NewTuscia – ROMA – La Conferenza delle Regioni e delle Province autonome ha recentemente  approvato il documento finale della Conferenza nazionale per il rilancio del sistema INFEA (informazione, formazione ed educazione, ambientale).

Gli impegni della Conferenza nazionale per il rilancio del sistema INFEA: informazione, formazione ed educazione, ambientale.

A conclusione dei lavori della Conferenza di Cagliari sono state condivise dai partecipanti le conclusioni e sono stati individuati gli impegni che tutti i soggetti partecipanti intendono rispettare per promuovere il rilancio e l’innovazione del Sistema IN.F.E.A., facendo tesoro dell’esperienza fino ad ora vissuta ma con una forte volontà di innovazione e potenziamento verso una Rete di Reti, inclusiva, competente e riconosciuta a livello istituzionale; lo scopo è che il Sistema, nel prossimo decennio, con il coinvolgimento di tutti i soggetti interessati, possa costituire una vera e propria infrastruttura a carattere materiale e immateriale per la promozione della cultura e dell’economia della sostenibilità nel nostro Paese.

 

Queste le principali considerazioni e impegni condivisi in sede di Conferenza.

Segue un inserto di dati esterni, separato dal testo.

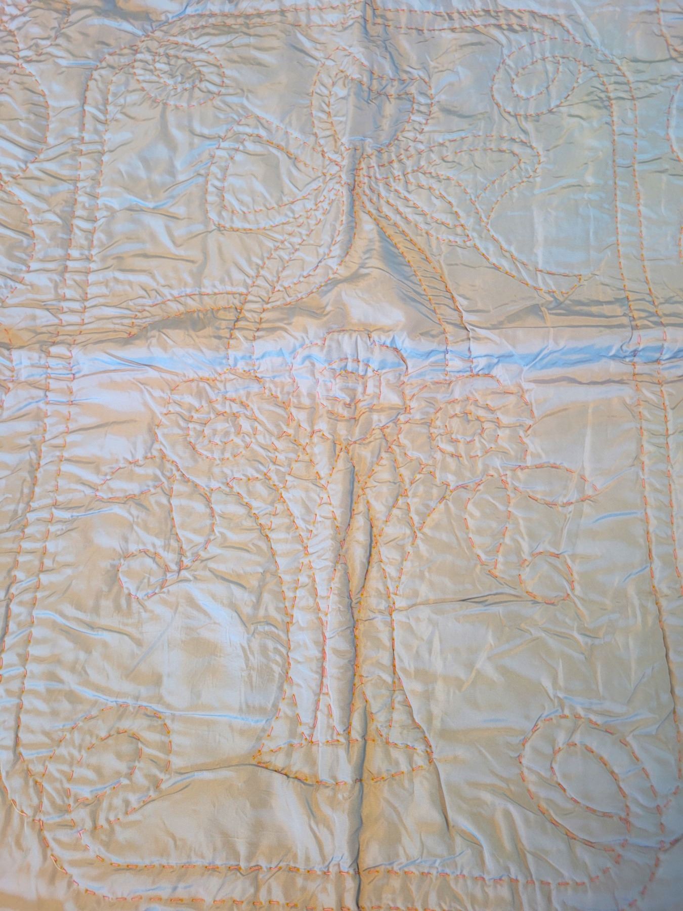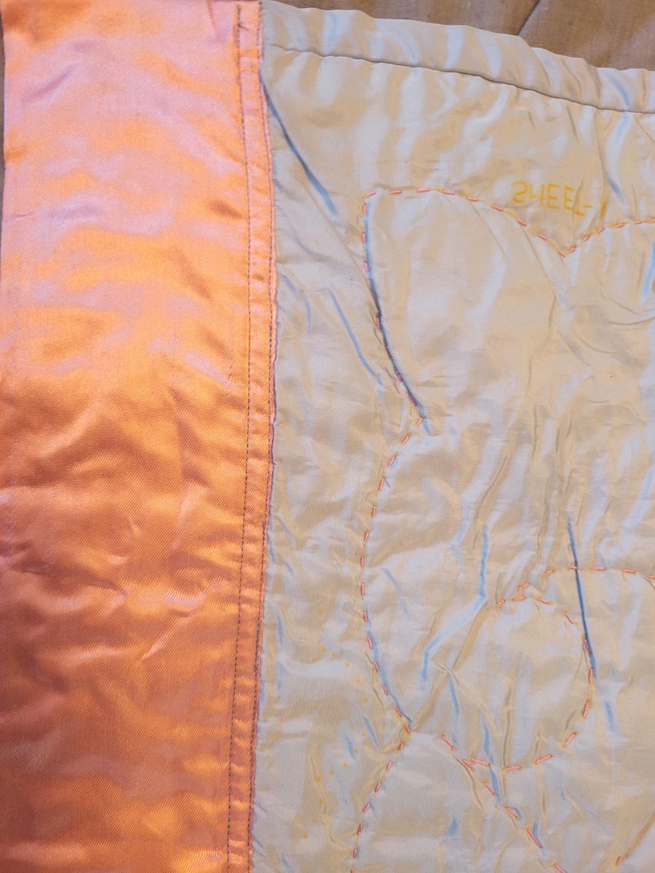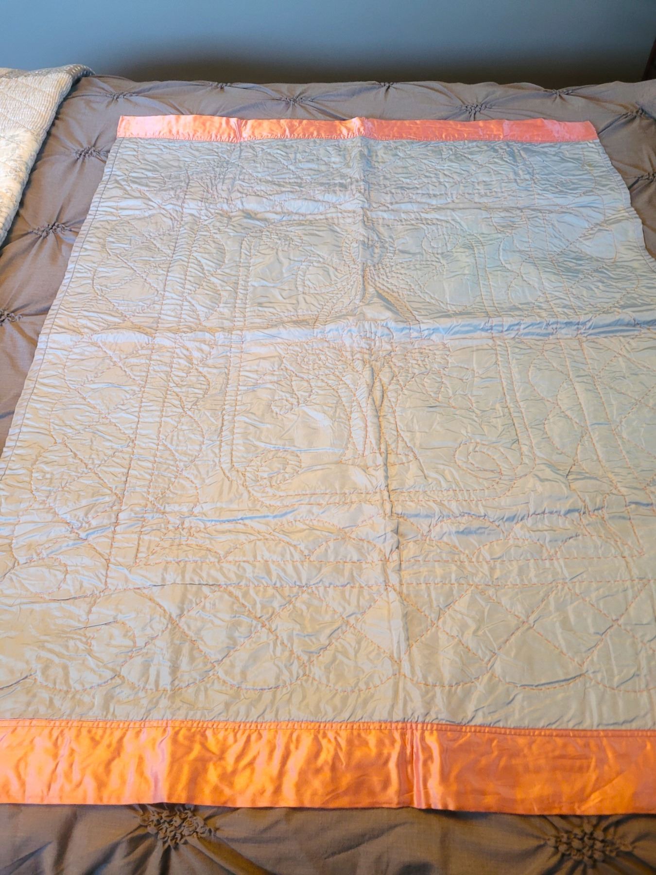 Hand made quilted satin blanket 37x40 Pickup at 9 am

  1. Il ruolo attuale dell’educazione alla sostenibilità ambientale è un ruolo complesso e multireferenziale, una modalità sistemica di intervento sugli stili di vita dei cittadini che utilizza differenti strumenti di azione a vario livello di integrazione e attiva reti di collaborazione e partnership con i numerosi attori implicati nei processi di crescita culturale indirizzata allo sviluppo sostenibile. L’azione educativa si fonda oggi su una pluralità di strumenti quali, tra gli altri, azioni fortemente caratterizzate da una struttura pedagogica; azioni di informazione e sensibilizzazione; interventi nei processi di partecipazione e nella costruzione di reti di scambio e relazioni; azioni di formazione e aggiornamento delle figure professionali che la nuova dimensione della sostenibilità ambientale richiede e azioni riconducibili alla costruzione di processi di /ife long learning; azioni di ricerca e sperimentazione.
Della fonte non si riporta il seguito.